Δt is the proper amount of time passed for a stationary observer.
v is the relative velocity between the two observers.
c is the speed of light.
(Note: ‘Δ’ is a greek letter called “delta”. It usually means a change in something, or the rate of change of something. The little apostrophe is pronounced “prime”. So you would say Δt′ as delta t prime.)

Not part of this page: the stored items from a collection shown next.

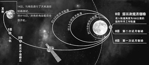 10月9日11時(shí)32分,嫦娥二號衛(wèi)星成功實(shí)施第三次近月制動(dòng),順利進(jìn)入軌道高度為100公里的圓形環(huán)月工作軌道。按照預(yù)定計(jì)劃,嫦娥二號衛(wèi)星上搭載的有效載荷陸續(xù)開始工作,進(jìn)行科學(xué)探測活動(dòng)。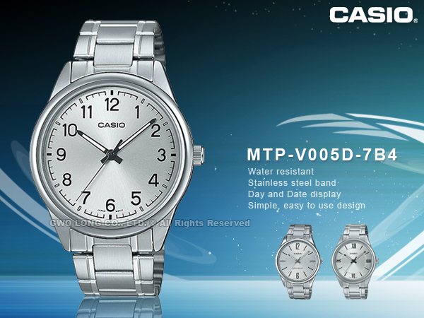 MTP-V005D-7B4 CASIO 指針男錶 不鏽鋼錶帶 生活日常防水 MTP-V005D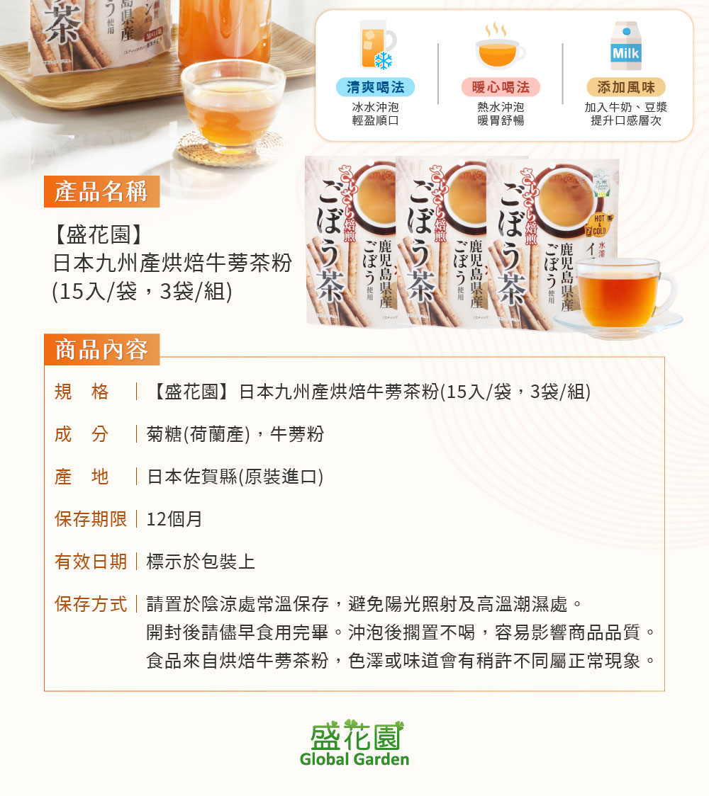 • 品名:【盛花園】日本九州產烘焙牛蒡茶粉(15入/袋,3袋/組)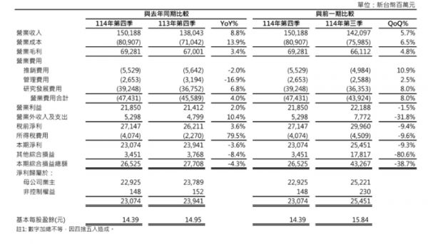 2月4日,联发科公布2025年第四季度及全年合并财务报告。报告指出,第四季度合并营收为新台币1,501.88亿元,较前季增加5.7%,较去年同期增加8.8% ;合并毛利率为46.1%,较前季减少0.4个百分点,较去年同期减少2.4个百分点;合并营业利益为新台币218亿5仟万元,较前季减少1.5%,较去年同期增加2.0%;合并本期净利为新台币230.74亿元,较前季减少 9.3%,较去年同期减少 3.6%。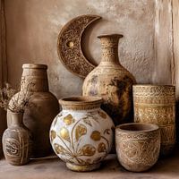 Stilleven met vazen,kruiken en een halve maan in een rustieke stijl met bruin en goud tinten.
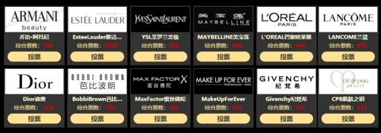 在粉底行业发起的关于粉底喜爱度的投票中,一共有16484位网友参与了此次投票,最终排在前十二位的是以下这些品牌。总体来看,依旧是大品牌居多。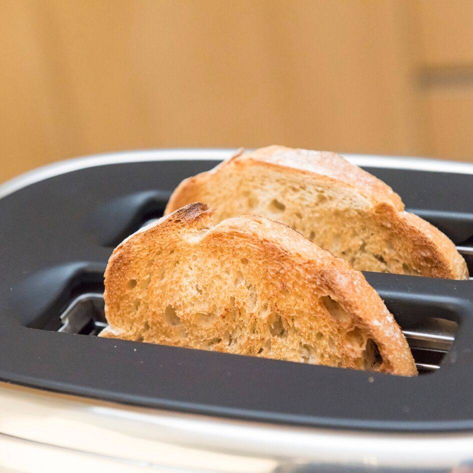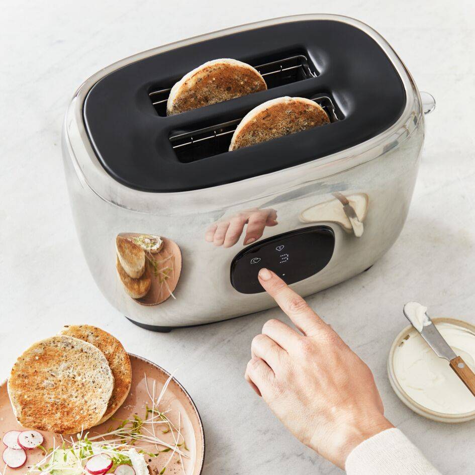 Tostadora elegante con pantalla táctil intuitiva que brinda un acceso rápido y fácil a toda la información que necesita 2 ajustes favoritos para acelerar tu rutina matutina 1050 W de alta potencia, para unas tostadas listas más rápido de lo habitual y con un consumo energético aún menor Palanca de elevación extra alta para quitar incluso pequeños trozos de pan Función de descongelación para calentar pan congelado con solo tocar un botón Función de recalentamiento para una rebanada caliente que está lista para comer en 30 segundos Tostador de 2 ranuras con bandeja extraíble para migas para una limpieza rápida y cómoda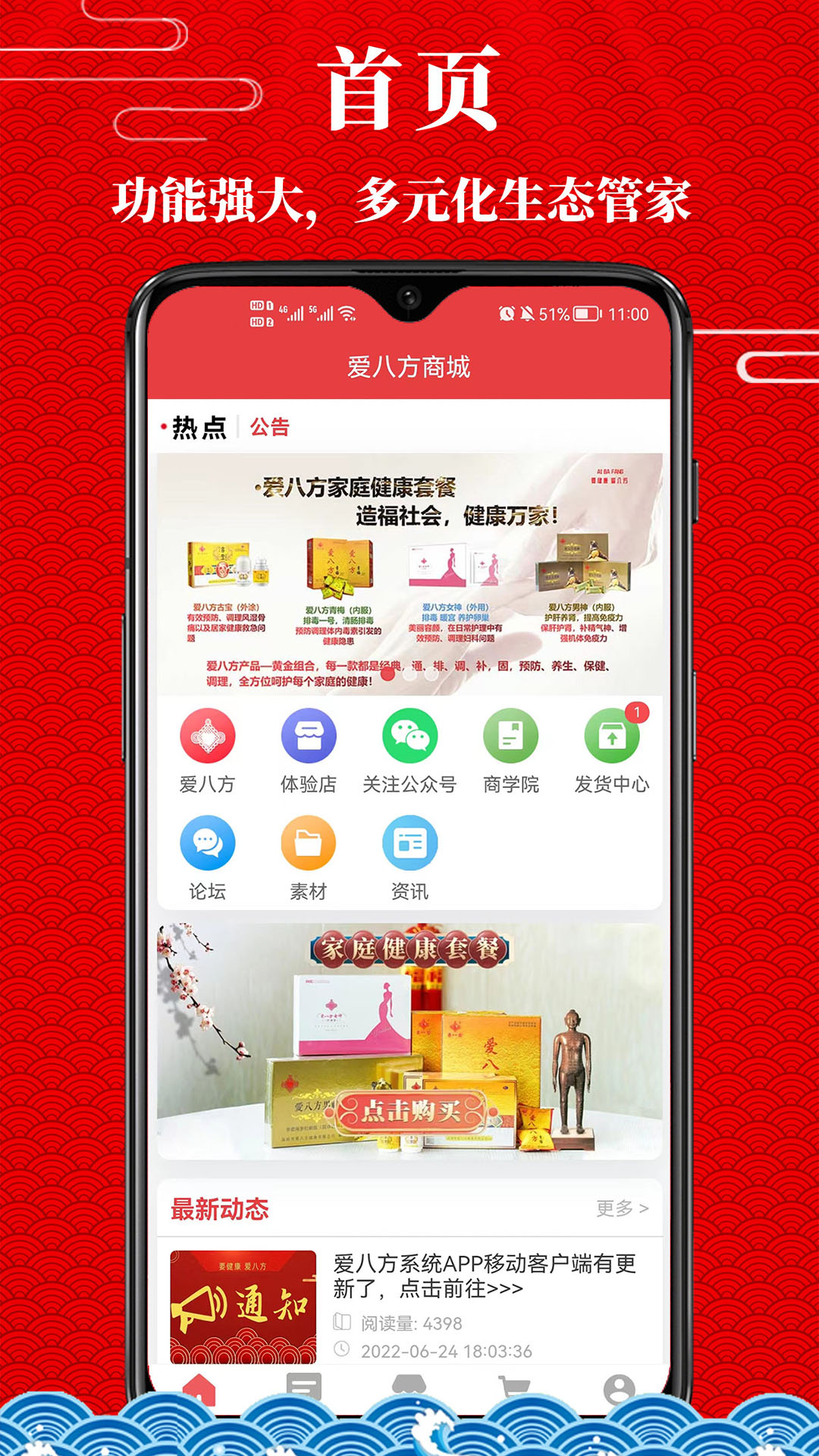 爱八方商城是一款融合实体与互联网优势的创新订阅平台,致力于为用户提供全方位的健康生活解决方案。平台不仅支持对爱八方业务范围内的各类商品进行便捷订阅和购买,更通过数字化技术将健康服务延伸到用户的日常生活中。爱八方作为一家综合性健康产业集团,其业务范围涵盖中医文化传承、中医药研发与生产、健康产品销售流通、专业骨科连锁服务以及护身宝生命健康数据化平台等多个领域。

now let’s get to calculating how good of a time machine is a swing, first we need to know the average “velocity” of a swing. Now figuring out the average velocity of a swing doesn’t make too much mathematical sense, as a swing is following a periodic path, so half of the time its velocity is negative (depending on how you look at it) so everything cancels out. So if we just figure out the average speed (speed and velocity is different, velocity has direction, speed has no direction) and just give it no direction. it will work fine for us since the formula doesn’t exactly care about direction (so the formula probably should have asked for speed, not velocity but why ask me, ask the German dude who invented it). Let’s suppose that it is “travelling” at 2 m/s, and let’s suppose we stay in our “time machine” for an hour. So plugging these value into the formula we get:
\[ \Delta t' = \frac{3600\, \text{s}}{\sqrt{1 - \frac{(2^2 \, \text{ms}^{-1})}{(299792458^2 \, \text{ms}^{-1})}}} \]
\[ ≈3600.000000000000080110804 s \]
So that would mean you would time travel approximately a whopping 0.000000000000080110804 (that is 13 zeros after the decimal place) seconds into the future or 80.11 Femtoseconds. Just for some context, it takes about ~500 billion times more time for your eyes to blink. Or put in a different way, light (the fastest thing in the universe) travels XX nanometers in that kind of time! Now just for fun, lets calculate this for other “vehicles”. In the table below, we are supposing you will be in them for 1 hour.
Name of Vehicle | Speed (m/s) | Time Traveled (in Picoseconds) |
---|---|---|
Human | 4 | 0.32 picoseconds |
Average old boring car | 30 | 18.0249 picoseconds |
Airplane | 250 | 11.25 nanoseconds |
International Space Station | 8000 | 1.28 microseconds |
Voyager 1 | 17000 | 5.788 microseconds |
(note: a picosecond is one one-trillionth of a second. For context it takes 40 billion picoseconds for a human eye to blink, a nanosecond is a thousand times bigger than a picosecond, and a microsecond is a thousand times bigger than that. So for a human eye to blink, it takes 40 million nanoseconds & 40,000 microseconds.)
so that all good and dandy, but what is god’s world does time have to do with speed, and how does the speed of light relate to any of this?? And i'll leave that as an exercise to the reader! Try searching around with "Time dilation" on the internet as a starting point!